**Records**
((
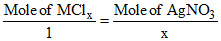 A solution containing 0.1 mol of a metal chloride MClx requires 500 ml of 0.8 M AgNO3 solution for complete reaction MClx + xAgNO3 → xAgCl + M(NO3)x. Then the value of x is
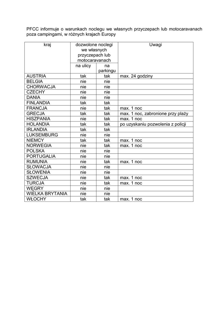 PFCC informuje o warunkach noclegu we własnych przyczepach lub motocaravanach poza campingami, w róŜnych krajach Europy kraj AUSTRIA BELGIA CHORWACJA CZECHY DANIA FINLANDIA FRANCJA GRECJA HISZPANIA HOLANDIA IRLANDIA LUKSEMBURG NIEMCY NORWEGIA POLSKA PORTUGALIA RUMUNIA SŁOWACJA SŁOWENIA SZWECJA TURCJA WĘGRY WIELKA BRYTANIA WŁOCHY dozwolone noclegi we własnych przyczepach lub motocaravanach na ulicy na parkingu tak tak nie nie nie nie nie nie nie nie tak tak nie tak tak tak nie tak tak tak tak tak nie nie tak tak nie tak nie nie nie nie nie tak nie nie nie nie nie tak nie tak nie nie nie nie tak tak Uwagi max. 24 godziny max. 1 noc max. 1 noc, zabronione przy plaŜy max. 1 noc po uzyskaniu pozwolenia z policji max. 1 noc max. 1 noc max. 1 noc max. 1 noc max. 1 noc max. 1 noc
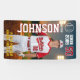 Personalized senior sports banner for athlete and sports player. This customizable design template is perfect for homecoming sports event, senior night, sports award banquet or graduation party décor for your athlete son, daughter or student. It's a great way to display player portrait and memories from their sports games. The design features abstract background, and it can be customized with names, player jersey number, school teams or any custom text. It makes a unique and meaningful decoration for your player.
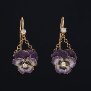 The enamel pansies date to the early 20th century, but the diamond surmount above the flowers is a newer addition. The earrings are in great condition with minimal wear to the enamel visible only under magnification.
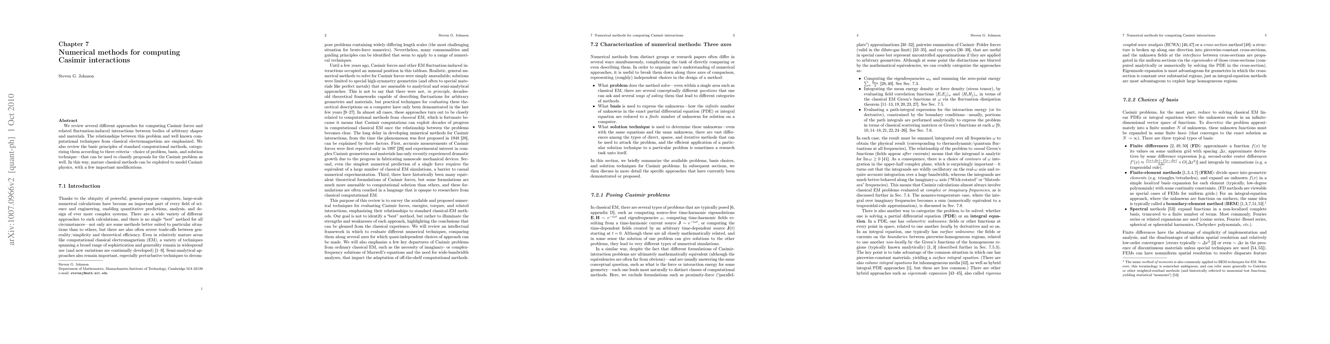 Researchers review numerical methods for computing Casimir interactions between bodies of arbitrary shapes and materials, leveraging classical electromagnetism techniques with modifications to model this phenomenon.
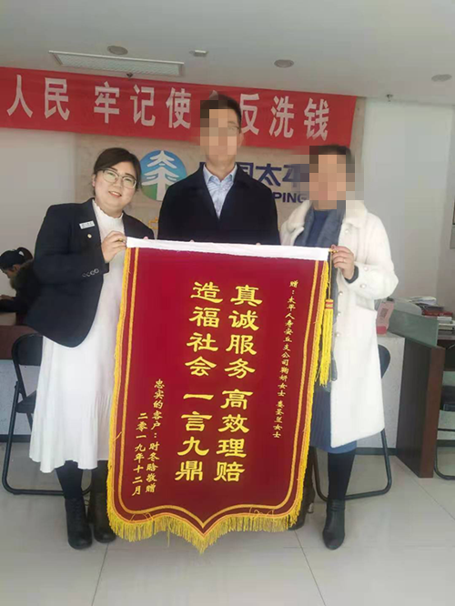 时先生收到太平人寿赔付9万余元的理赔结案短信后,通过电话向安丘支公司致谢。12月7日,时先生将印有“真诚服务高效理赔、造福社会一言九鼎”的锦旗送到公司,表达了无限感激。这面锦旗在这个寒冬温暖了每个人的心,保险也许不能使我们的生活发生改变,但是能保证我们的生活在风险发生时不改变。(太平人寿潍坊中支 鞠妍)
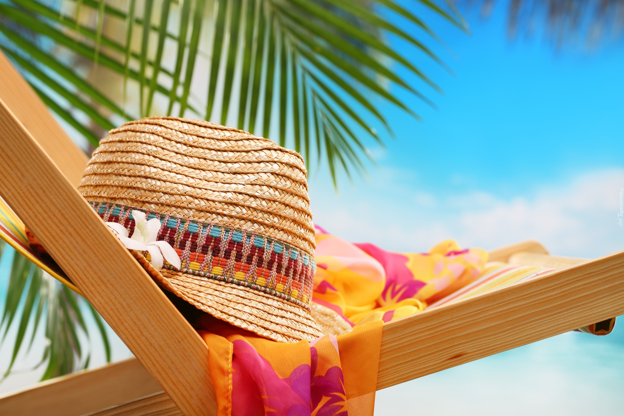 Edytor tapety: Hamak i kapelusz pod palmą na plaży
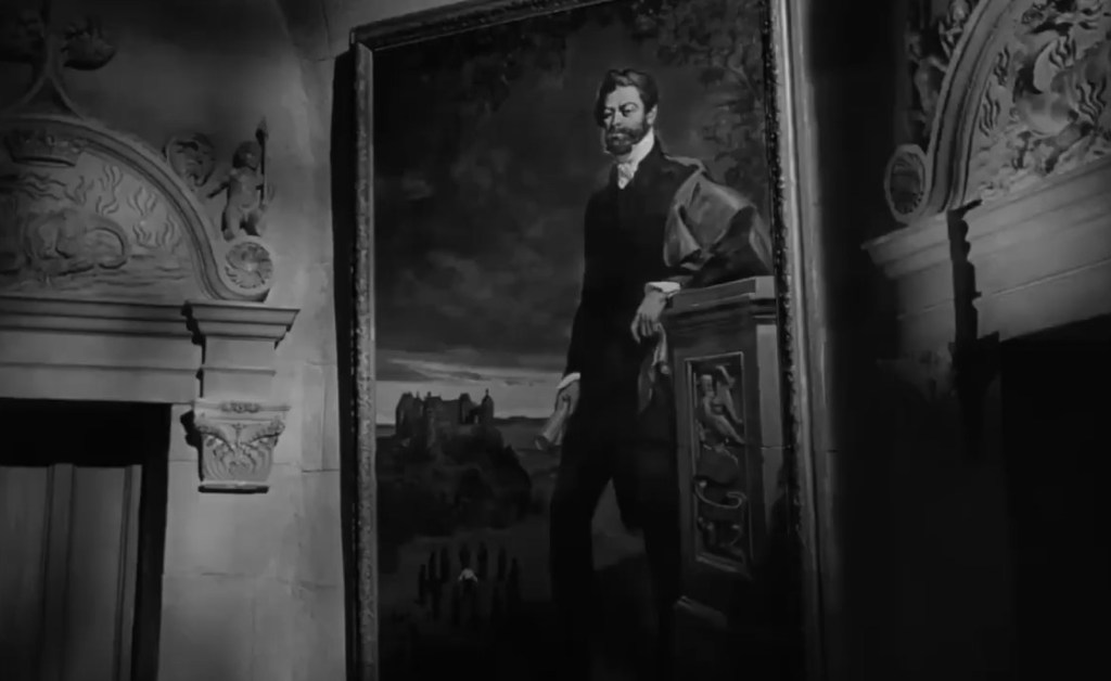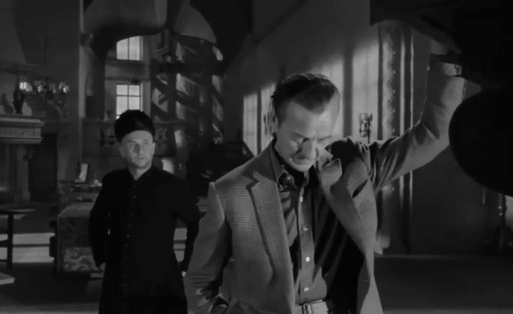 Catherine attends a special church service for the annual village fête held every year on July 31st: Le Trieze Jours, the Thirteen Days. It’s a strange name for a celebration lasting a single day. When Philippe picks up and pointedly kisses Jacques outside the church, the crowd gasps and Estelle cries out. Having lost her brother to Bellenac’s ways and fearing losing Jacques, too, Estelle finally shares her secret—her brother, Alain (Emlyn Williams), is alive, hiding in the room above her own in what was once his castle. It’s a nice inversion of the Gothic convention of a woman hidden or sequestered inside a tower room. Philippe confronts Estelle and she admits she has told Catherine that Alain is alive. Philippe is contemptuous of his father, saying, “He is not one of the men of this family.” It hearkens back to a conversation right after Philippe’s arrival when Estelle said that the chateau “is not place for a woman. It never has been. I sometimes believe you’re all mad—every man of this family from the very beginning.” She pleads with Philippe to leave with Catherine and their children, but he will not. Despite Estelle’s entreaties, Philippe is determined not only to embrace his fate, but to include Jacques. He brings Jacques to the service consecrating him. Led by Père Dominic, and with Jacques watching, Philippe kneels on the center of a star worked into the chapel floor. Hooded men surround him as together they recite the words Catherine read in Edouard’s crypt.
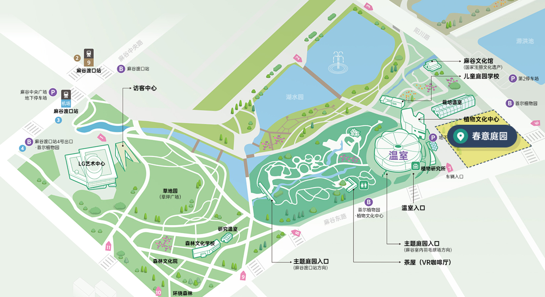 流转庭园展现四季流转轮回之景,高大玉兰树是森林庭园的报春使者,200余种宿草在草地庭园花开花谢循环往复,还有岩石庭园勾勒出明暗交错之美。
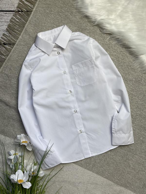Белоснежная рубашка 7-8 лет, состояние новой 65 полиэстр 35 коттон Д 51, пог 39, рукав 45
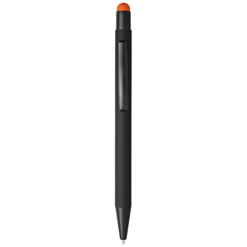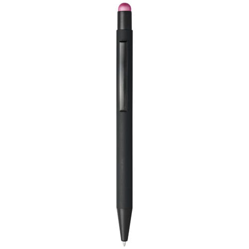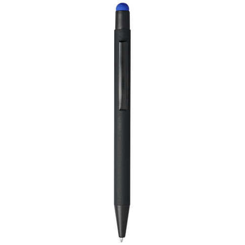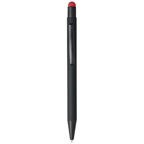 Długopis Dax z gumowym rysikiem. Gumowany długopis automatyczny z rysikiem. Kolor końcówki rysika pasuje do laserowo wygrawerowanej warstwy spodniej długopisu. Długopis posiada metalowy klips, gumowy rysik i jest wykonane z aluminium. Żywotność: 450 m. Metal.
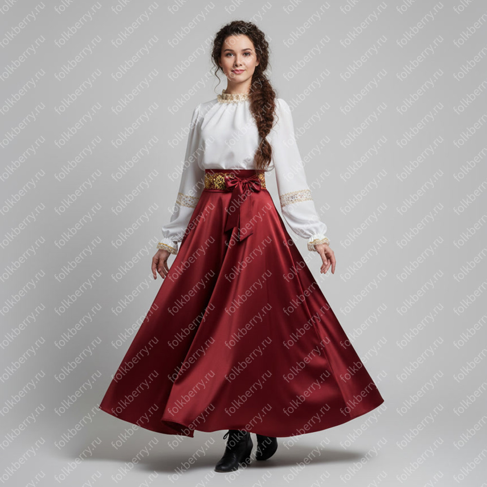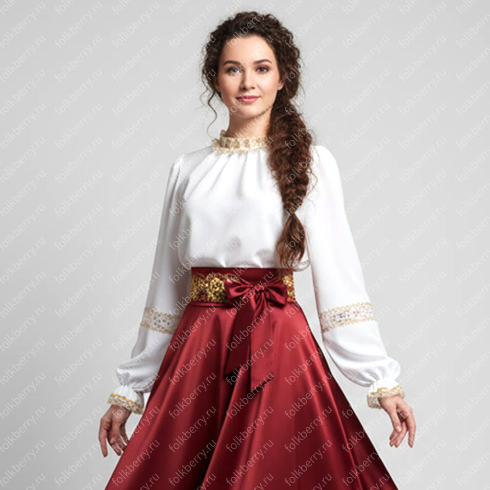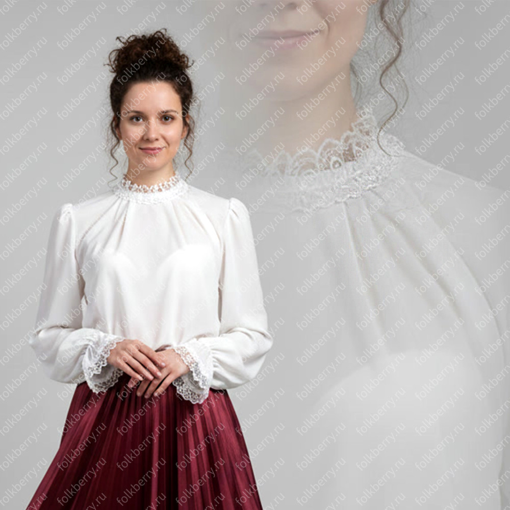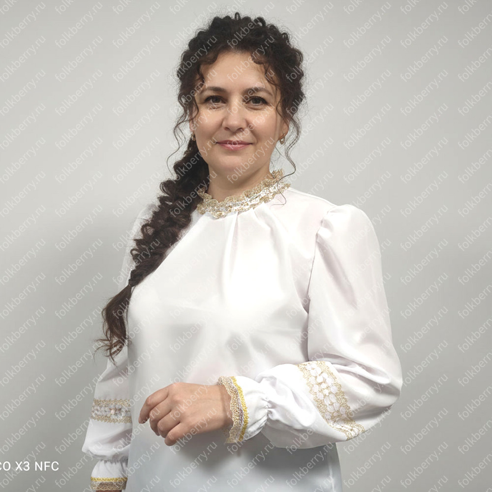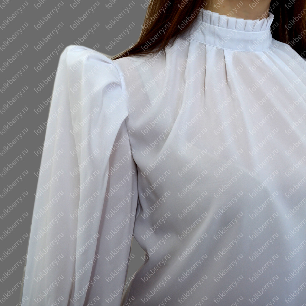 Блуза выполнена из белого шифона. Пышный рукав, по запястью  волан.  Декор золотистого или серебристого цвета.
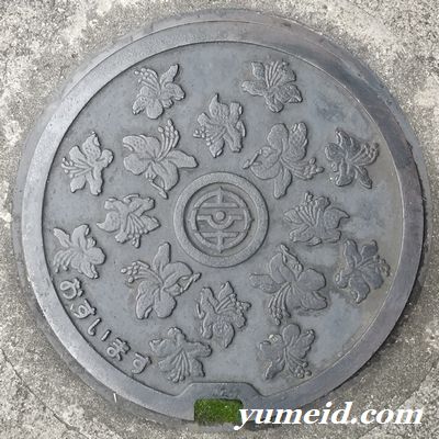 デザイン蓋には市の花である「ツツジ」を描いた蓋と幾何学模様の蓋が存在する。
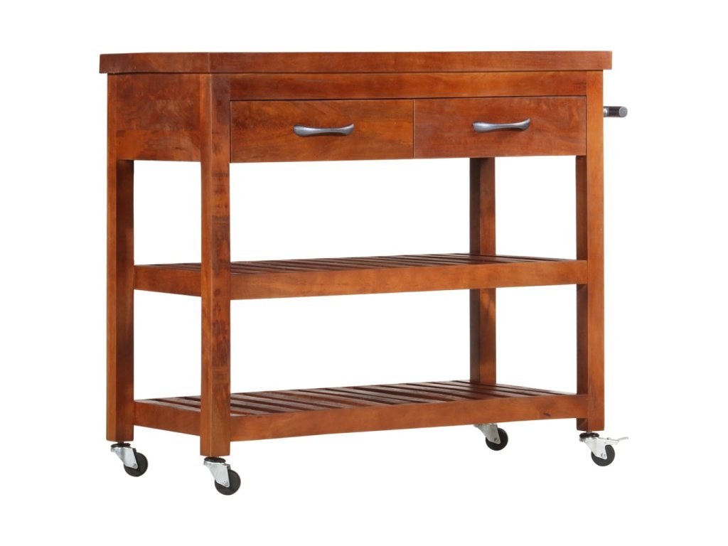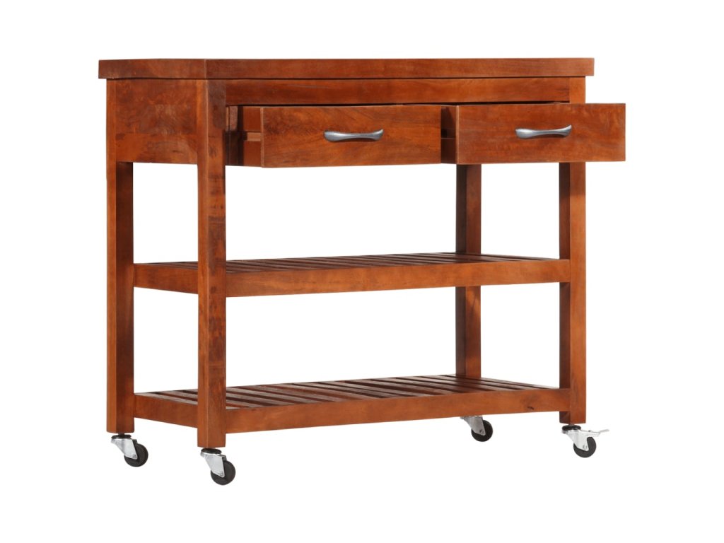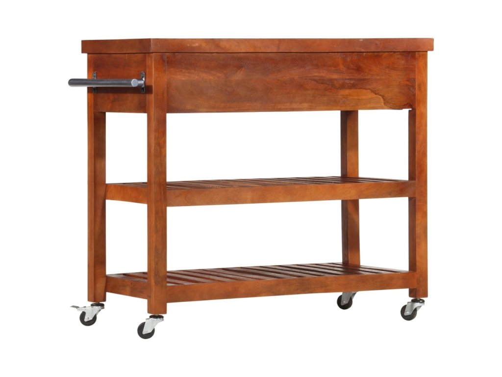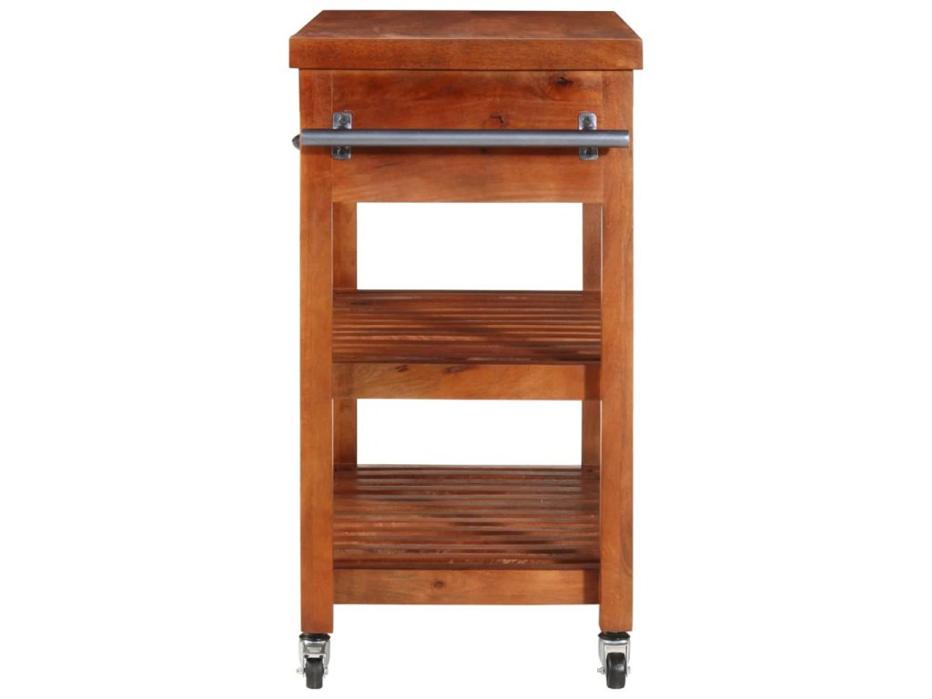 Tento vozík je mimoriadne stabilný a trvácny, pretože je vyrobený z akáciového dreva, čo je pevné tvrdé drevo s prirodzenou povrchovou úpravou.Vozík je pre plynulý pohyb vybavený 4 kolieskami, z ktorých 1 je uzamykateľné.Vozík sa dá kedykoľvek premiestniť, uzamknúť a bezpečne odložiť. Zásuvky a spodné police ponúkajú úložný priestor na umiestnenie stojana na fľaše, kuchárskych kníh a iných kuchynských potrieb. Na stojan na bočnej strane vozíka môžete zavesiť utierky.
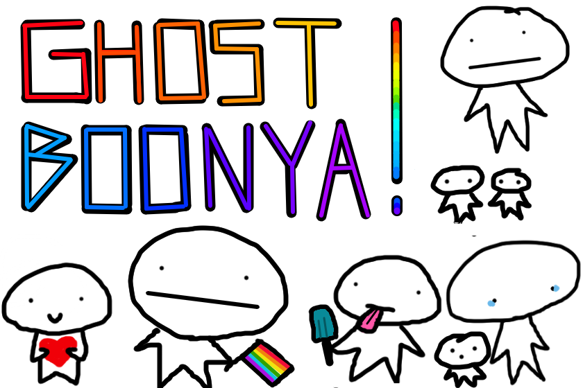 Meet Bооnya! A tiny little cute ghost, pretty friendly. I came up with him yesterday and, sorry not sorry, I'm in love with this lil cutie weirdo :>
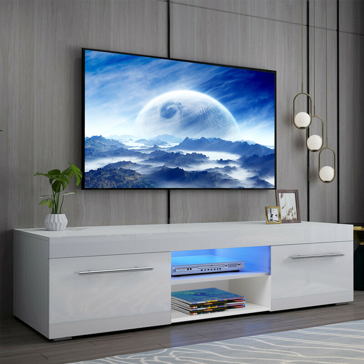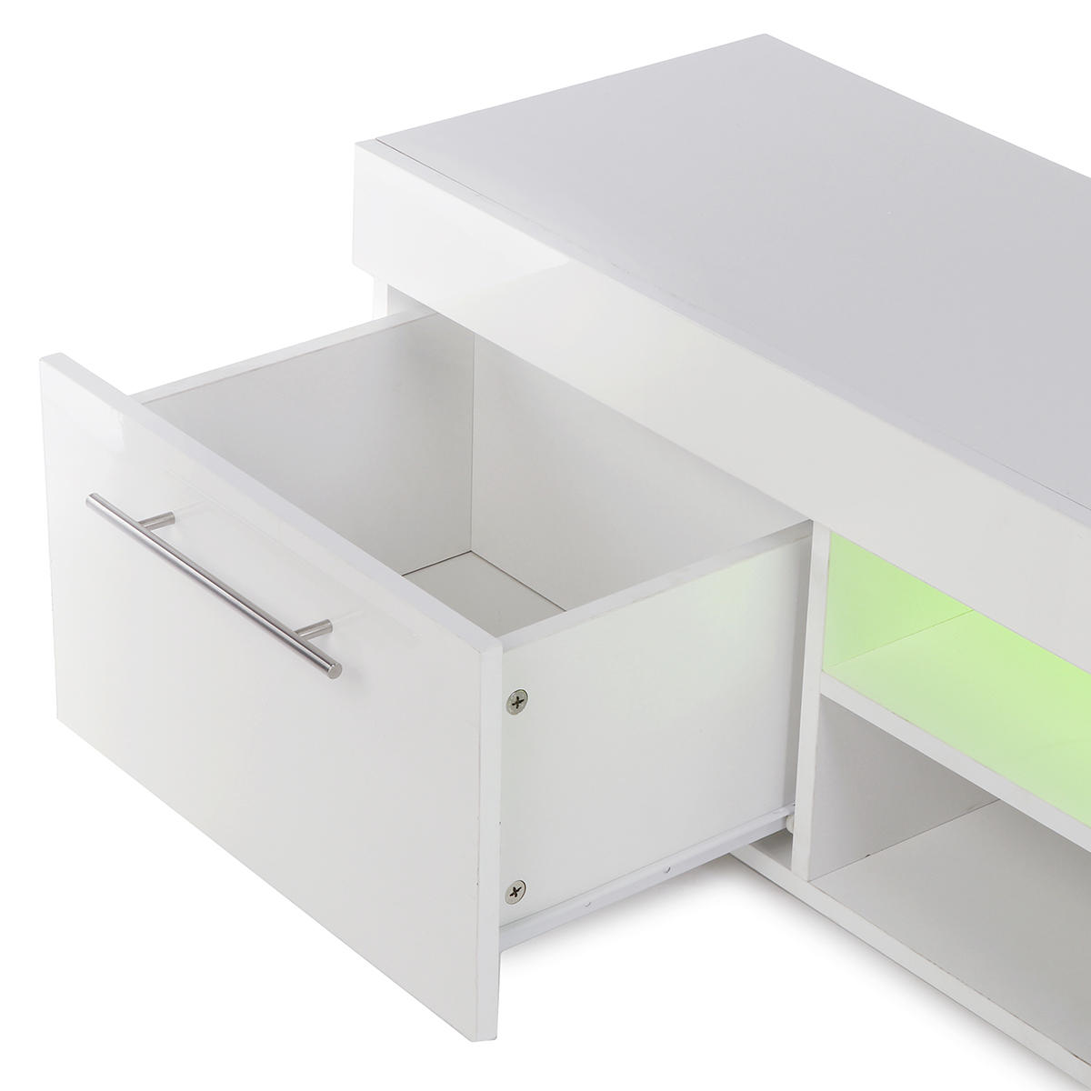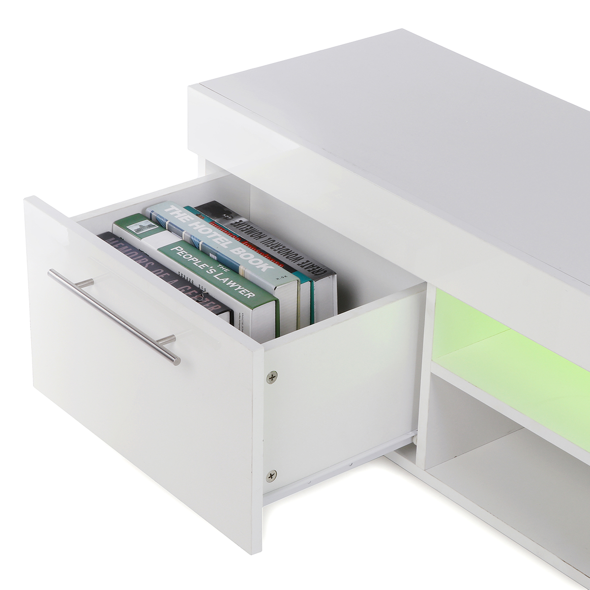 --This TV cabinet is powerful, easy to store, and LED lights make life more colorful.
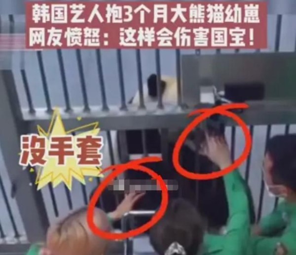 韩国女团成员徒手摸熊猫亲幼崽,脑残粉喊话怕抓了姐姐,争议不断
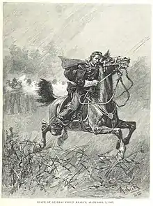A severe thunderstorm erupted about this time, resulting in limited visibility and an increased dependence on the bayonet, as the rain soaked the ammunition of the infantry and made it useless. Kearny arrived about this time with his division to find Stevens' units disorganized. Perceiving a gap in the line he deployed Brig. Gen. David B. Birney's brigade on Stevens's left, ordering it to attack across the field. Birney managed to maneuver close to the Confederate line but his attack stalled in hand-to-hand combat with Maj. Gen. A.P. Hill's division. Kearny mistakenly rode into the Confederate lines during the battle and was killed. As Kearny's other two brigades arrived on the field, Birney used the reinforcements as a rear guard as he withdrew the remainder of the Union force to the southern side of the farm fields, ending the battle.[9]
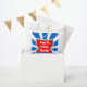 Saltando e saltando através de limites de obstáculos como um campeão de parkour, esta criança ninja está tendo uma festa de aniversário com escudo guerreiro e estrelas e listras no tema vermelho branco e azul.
))
**Activity**
Begin with the line that contains "--This TV cabinet" and repeat every line through the end of the data, exactly and only those lines, leaving out the pictures.

**Exercise solution**
 --This TV cabinet is powerful, easy to store, and LED lights make life more colorful.
 韩国女团成员徒手摸熊猫亲幼崽,脑残粉喊话怕抓了姐姐,争议不断
A severe thunderstorm erupted about this time, resulting in limited visibility and an increased dependence on the bayonet, as the rain soaked the ammunition of the infantry and made it useless. Kearny arrived about this time with his division to find Stevens' units disorganized. Perceiving a gap in the line he deployed Brig. Gen. David B. Birney's brigade on Stevens's left, ordering it to attack across the field. Birney managed to maneuver close to the Confederate line but his attack stalled in hand-to-hand combat with Maj. Gen. A.P. Hill's division. Kearny mistakenly rode into the Confederate lines during the battle and was killed. As Kearny's other two brigades arrived on the field, Birney used the reinforcements as a rear guard as he withdrew the remainder of the Union force to the southern side of the farm fields, ending the battle.[9]
 Saltando e saltando através de limites de obstáculos como um campeão de parkour, esta criança ninja está tendo uma festa de aniversário com escudo guerreiro e estrelas e listras no tema vermelho branco e azul.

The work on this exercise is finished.